These are used by the follow-up commits in db.ts, migrate.ts and
vector/postgres.ts.
Storage-layer fixes from the Codex audit:

- PG TLS: replace OM_PG_SSL=require → rejectUnauthorized:false with
  resolvePgSsl(); default is verify-full in production. The legacy
  require mode now logs a WARN.

- Identifier injection: validate OM_PG_DB / OM_PG_SCHEMA / OM_PG_TABLE
  / OM_VECTOR_TABLE through assertSafeIdentifier before they are
  interpolated into CREATE DATABASE, CREATE TABLE, DELETE FROM, etc.
  CREATE DATABASE now uses the validated, double-quoted name.

- Schema drift: SQLite vector table default is now openmemory_vectors
  (matching Postgres). Pre-1.4 installs that still have a bare
  `vectors` table get a one-time WARN with a manual rename hint —
  no auto-rename to avoid data risk. The clear_all path now uses the
  same validated name as CREATE TABLE instead of re-reading env.

- SQLite FKs: PRAGMA foreign_keys=ON so temporal_edges →
  temporal_facts FKs are actually enforced.

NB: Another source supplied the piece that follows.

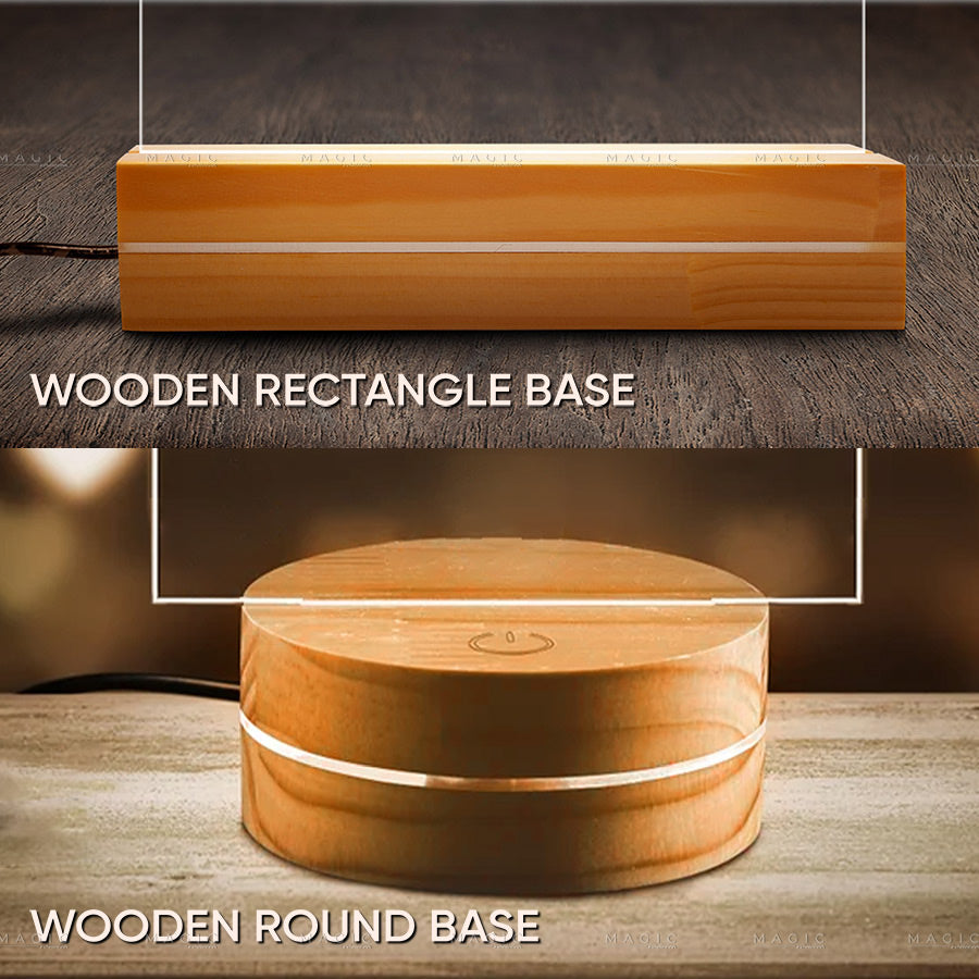 ♥️ The two types of wooden bases are ROUND and RECTANGLE.

- Init failure: stop calling process.exit(1). Capture the failure
  as DbInitError; wait_ready() rejects with it, propagating through
  the run/get/all wrappers so library callers can catch instead of
  crashing the host process.

- log_maint_op now validates OM_PG_SCHEMA on each call too.
…elper

- Route the migration pool through resolvePgSsl() so we get the
  same verify-full / require / disable matrix as db.ts. The legacy
  inline OM_PG_SSL handling (which silently disabled cert
  verification on `require`) is gone.

- Validate OM_PG_DB / OM_PG_SCHEMA / OM_PG_TABLE / OM_VECTOR_TABLE
  before interpolating them. Schema validation is centralized in
  pgSchema().

- SQLite vector table is no longer hardcoded as `vectors`. The 1.2
  migration's SQL is now generated from the resolved table name —
  OM_VECTOR_TABLE if set, otherwise the legacy `vectors` table when
  it exists on disk, otherwise the canonical openmemory_vectors.
  This stops the migration from blowing up on installs that already
  use the new default.
…tion

- Default tableName is now DEFAULT_VECTOR_TABLE (openmemory_vectors)
  instead of the legacy `vectors`, matching db.ts and migrate.ts.

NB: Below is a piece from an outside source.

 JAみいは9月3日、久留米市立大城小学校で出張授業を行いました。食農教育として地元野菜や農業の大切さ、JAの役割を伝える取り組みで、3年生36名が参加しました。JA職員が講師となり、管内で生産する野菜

- Validate the table identifier in the constructor. db.ts already
  passes a pre-validated, schema-qualified, quoted form
  (e.g. "public"."openmemory_vectors") for the Postgres metadata
  backend; we detect that case by the leading double quote and
  trust it. Bare identifiers (e.g. SQLite VectorStore wrapping
  openmemory_vectors) are routed through assertSafeIdentifier.
apply_confidence_decay was using SQLite's connection-scoped
`changes()` to count rows touched by the UPDATE. That call doesn't
exist in Postgres, so on the PG backend the function silently
reported 0 every run.

Branch on env.metadata_backend:

- SQLite: keep the existing UPDATE + `SELECT changes()`.
- Postgres: rewrite the same UPDATE with `RETURNING 1` and count
  the rows of the result set. Also swap MAX(scalar, scalar) for
  GREATEST, since Postgres' MAX is aggregate-only.

No SQL placeholder change is required: the package's run_async
already converts `?` to `$N` for the PG path.
…logs

Codex audit fixes for the HTTP layer:

- middleware/auth: drop fail-open behaviour. Without OM_API_KEY, every
  protected endpoint now returns 503. Production / OM_REQUIRE_AUTH=true
  refuse to admit anonymous traffic at all. Successful auth attaches a
  stable req.tenant (SHA-256 prefix of the API key); the raw key never
  leaves this module. OM_DEV_ALLOW_NO_AUTH=true is required to opt into
  the legacy "no key" mode for local dev.
- middleware/tenant: helpers require_tenant() / reject_tenant_mismatch()
  for routes to derive identity from auth and reject caller-supplied
  user_id values that disagree.
- middleware/validate: tiny stdlib-only schema validator (no new deps)
  that returns parsed data or 400 with field-level errors.
- middleware/webhook: HMAC-SHA256 verification for GitHub
  (x-hub-signature-256) and Notion (x-notion-signature) webhooks with
  constant-time compare; fail-closed on missing secret.
- server.js: capture rawBody (Buffer) for HMAC verification and respond
  400 invalid_json on parse failure instead of silently nulling req.body.
- server/index.ts: telemetry errors now log with stack trace rather
  than being swallowed.

Co-Authored-By: Claude Opus 4.7 (1M context) <noreply@anthropic.com>
…errors

Tenant isolation: every memory/users/vercel/ide handler now scopes all
reads and writes to req.tenant. Caller-supplied user_id (in body, query,
or path) is no longer trusted — if it disagrees with the authenticated
tenant we 403 with tenant_mismatch. Path slugs on /users/:user_id/...
are also checked against the tenant.

Validation: every route entry runs through the new validate middleware
with explicit schemas (length/type/range bounds). Pagination params are
parsed defensively and rejected when out of range.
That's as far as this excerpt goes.